# Great time at Durham Archers



## Genieboy (Oct 29, 2013)

Great time today, at Durham Archers! very nice course, good people and thanks Randy and Alex!


----------



## JDoupe (Dec 9, 2006)

Absolutely a great shoot.

What an awesome course. One of the nicest manicured courses I have had the pleasure to shoot.

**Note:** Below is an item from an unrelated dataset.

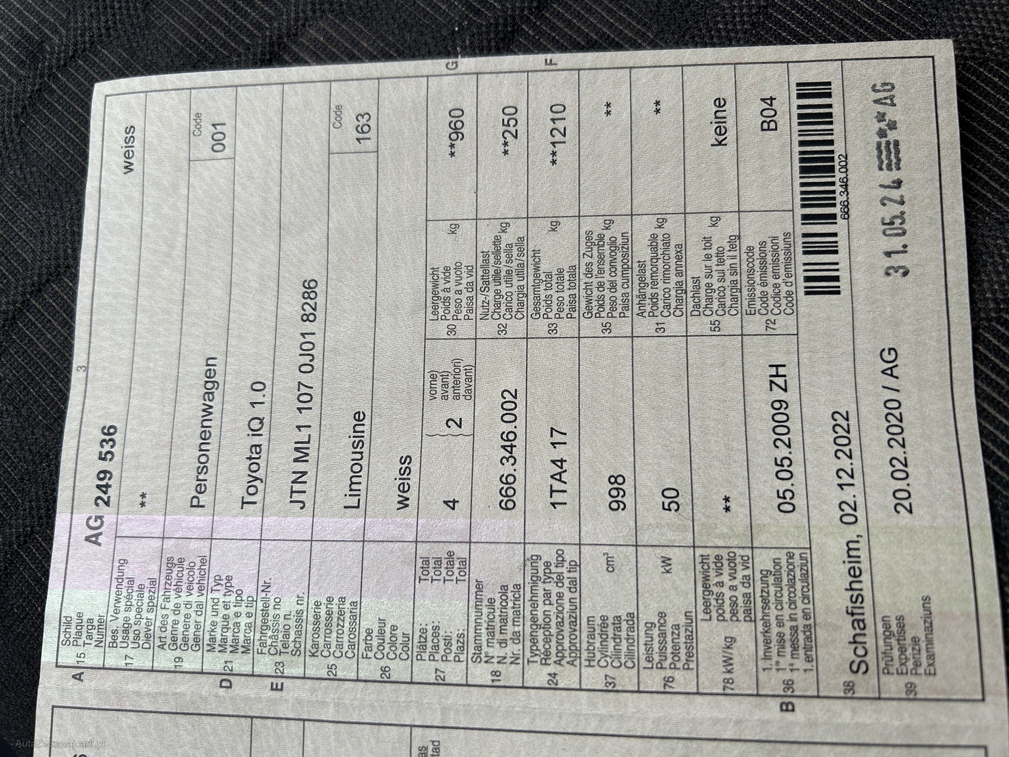 | Kommentar | Es wurde kein Werkstatt-Test durchgeführt. Fahrzeug hat starke Gebrauchsspuren. |

Hats off to the members who made it as good as it was!!!


----------



## Robert Piette (Mar 21, 2012)

Results?


----------



## Mr. RoC (Aug 6, 2013)

Had a fantastic time... Thanks to everyone who put in all the effort to make this event happen.

Cheers


----------



## rdneckhillbilly (Jan 25, 2010)

Great time and thanks to everyone who had a hand in putting this tournament together. 

Couple pics...


----------



## JDoupe (Dec 9, 2006)




----------



## Cory J~ (Jun 29, 2010)

Great time was had by this shooter as well. I managed to wrangle my wife out of bed to come out and watch/take pictures as her bow is down for repairs. I shot K50 to avoid any lost arrows (managed to break 2 though in the targets...) and was able to bump my score 48 points from the last match I was at. Very well put together shoot, Thanks Durham. To the guys in my squad, if your looking for more of the pictures just PM me your emails and I'll send the bulk of them off (over 112 were taken).


----------



## F/F 3Der (Mar 23, 2008)

It was our pleasure Gene. Its always good to shoot with a new shooter with a true interest in learning.
To the others thanks for the compliments. There truly is a lot of work that goes into making it a success.



Genieboy said:


> Great time today, at Durham Archers! very nice course, good people and thanks Randy and Alex!


----------



## Bow bandit (Apr 21, 2007)

Another great shoot at Durham archers and boat loads of prizes.


----------



## oktalotl (May 21, 2012)

Highest level shoot. Thank you very much Bobby and team!


----------



## giltyone (Nov 9, 2009)

Looks like fun! I'm going to have to plan my holidays to be there next year!


----------



## CLASSICHUNTER (May 20, 2005)

fantastic shoot guys ..weather... food course... and new hardware... didn`t have one of those medals.... so happy to ad to collection...


----------



## GWN_Nuge (Oct 1, 2004)

Thanks guys, we had a blast!


----------



## peregrine82 (Aug 25, 2007)

I would like to personally thank all the archers that traveled to attend our annual tournament. I hope that those who attended for the first time will return for future events and to those who are regulars that

you will continue to support us. In order for 3D archery to thrive we all have to support each other. To all the members that volunteered their time and resources, a very big thank you from Logie, Jayson, Rob

and me.


----------



## XTRMN8R (Mar 26, 2004)

thanks again for a fantastic event. All other clubs in Ontario looking to host a 3D event should to Durham as an example on how to run a shoot correctly,
dave


----------



## greygrouse (Mar 22, 2012)

Thanks to everyone at Durham Archers for a top notch tournament. Looking forward to returning in August.

John.


----------



## buttnbuck (Aug 6, 2013)

Awesome course, one of the best in my opinion. Thanks to Bobby and his crew, had a great day shooting with the fella's, lots of laughs, just like the ol' times.


----------



## MADZUKI (Jan 26, 2014)

Great shoot yesterday and a fantastic course ! Thanx Durham Archers !!


----------



## shiftydog (Apr 18, 2013)

Just posted in the preview thread before I realized this one was here. Fantastic time and a great event. Only my second 3D shoot so I don't have much to compare it to, but I couldn't have asked for a better time. Big thanks to everybody who helped put this together.


----------